Chris
Chris

Reputation: 31256

C++: free or destroy malloc'd char * after it is captured by a local string?

Suppose I do the following:

char *get_data(...) {
    char *c_style = (char *) malloc(length * sizeof(char));
    load_c_string_with_my_c_function(c_style, length, input);
    return c_style;
}

int main() {
   std::string data(get_data(...));
   // free(data.c_str()); ?? -- are the malloc'd bytes now managed?
   return 0;
}

Is there any way to release the memory that get_data() allocated? Would the commented free(data.c_str()); Work?

Upvotes: 1

Views: 504

Answers (4)

Blaze
Blaze

Reputation: 16876

You can't call call free(data.c_str()); or anything like that. std::string manages its own memory and even the pointer that you get from c_str() is invalidated automatically as soon as the std::string goes out of scope.

You do, however, need to free the c_style returned from the function call. The std::string may handle its own memory, but it is only a copy of the malloc'd memory that isn't managed.

Do this:

int main() {
    char *result = (get_data(...)
    std::string data(result);
    // free(data.c_str()); ?? -- are the malloc'd bytes now managed?
    free(result);
    return 0;
}

Upvotes: 2

Lightness Races in Orbit
Lightness Races in Orbit

Reputation: 385264

Is there any way to release the memory that get_data() allocated?

No, you lost your pointer to it.

Would the commented free(data.c_str()); Work?

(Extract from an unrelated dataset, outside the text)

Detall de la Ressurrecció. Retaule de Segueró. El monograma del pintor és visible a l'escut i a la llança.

No. The std::string copied your data into a new string that it owns and manages. You cannot legally de-allocate the std::string's own allocated memory, and it would not solve the problem of having to de-allocate your original allocated memory.

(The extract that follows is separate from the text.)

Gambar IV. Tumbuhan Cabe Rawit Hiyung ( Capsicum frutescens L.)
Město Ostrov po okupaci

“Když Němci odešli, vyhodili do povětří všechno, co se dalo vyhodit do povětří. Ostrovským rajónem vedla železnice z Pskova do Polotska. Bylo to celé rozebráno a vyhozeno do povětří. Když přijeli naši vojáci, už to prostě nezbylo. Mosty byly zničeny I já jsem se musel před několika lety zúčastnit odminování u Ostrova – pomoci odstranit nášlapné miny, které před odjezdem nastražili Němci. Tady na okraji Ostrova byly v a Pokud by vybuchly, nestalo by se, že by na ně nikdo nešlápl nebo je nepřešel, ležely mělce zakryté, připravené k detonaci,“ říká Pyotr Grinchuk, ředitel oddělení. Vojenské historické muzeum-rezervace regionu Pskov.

Either use std::string throughout (preferred!) or capture the pointer inside main first:

int main()
{
   auto cstr = get_data(...);
   std::string data(cstr);
   free(cstr);
}

Trouble is, this isn't exception-safe, which is why we have nice things like std::string in the first place. It can be solved with some liberal try and catch but it'll be ugly.

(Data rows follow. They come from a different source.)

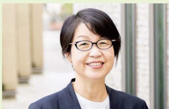
フクダハウジング(株) 代表取締役社長
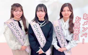
新メンバーお披露目!
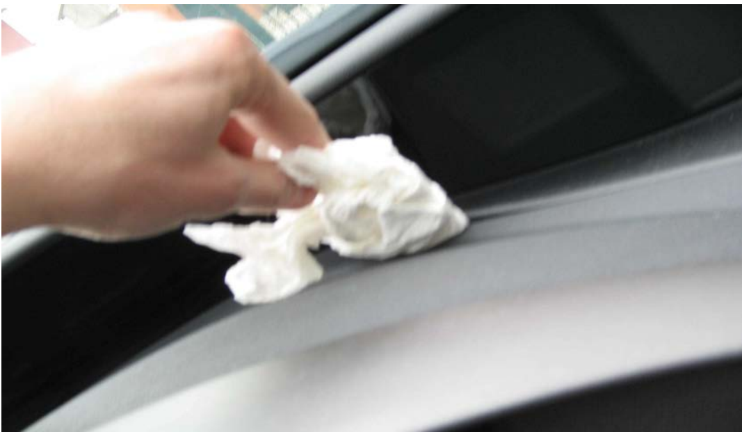
Figure 30. Passer un couteau avec mouchoir (pour ne rien abimer) en faisant levier

Also, since you already have get_data, presumably for a reason, you might consider a string_view over the actual memory that you already allocated, unless you really need data to be an owning copy.

int main()
{
   auto cstr = get_data(...);
   std::string_view data(cstr);  // no copy! just features
   free(cstr);
}

(Comments elsewhere indicate that this may be what you really wanted.)

Now experiment with having get_data return something with clear ownership & lifetime semantics (std::unique_ptr? std::vector? std::string? .. lol) and you're golden.

Upvotes: 2

NathanOliver
NathanOliver

Reputation: 180935

Once you do

std::string data(get_data(...));

there is no way to get the pointer back that get_data() returned so you will leak that memory. To fix this just have get_data() return a std::string in the first place so you don't have to worry about memory management at all. That would give you

std::string get_data(...) {
    std::string data(length, '\0');
    load_c_string_with_my_c_function(data.data(), length, input); // requires C++17
    // load_c_string_with_my_c_function(&data[0], length, input); // use this for pre-C++17 compilers
    return data;
}

and now no memory leak. If you can't do this then you need to capture the pointer, use it to initialize the string, and then free the pointer like

char* ret = get_data(...);
std::string data(ret);
free(ret);

Upvotes: 5

Alan Birtles
Alan Birtles

Reputation: 36469

You can't delete the pointer, you aren't keeping a reference to it. You need to do:

int main() {
   char* cstr = get_data(...);
   std::string data(cstr);
   free(cstr);
   return 0;
}

Or much better write your data into the string directly:

std::string get_data(...) {
    std::string data(length, '\0');
    load_c_string_with_my_c_function(&data[0], data.size(), input);
    return data;
}

You may need to add 1 to the length of the std::string and/or pass data.size()-1 to load_c_string_with_my_c_function depending on the specification of the length parameter of load_c_string_with_my_c_function.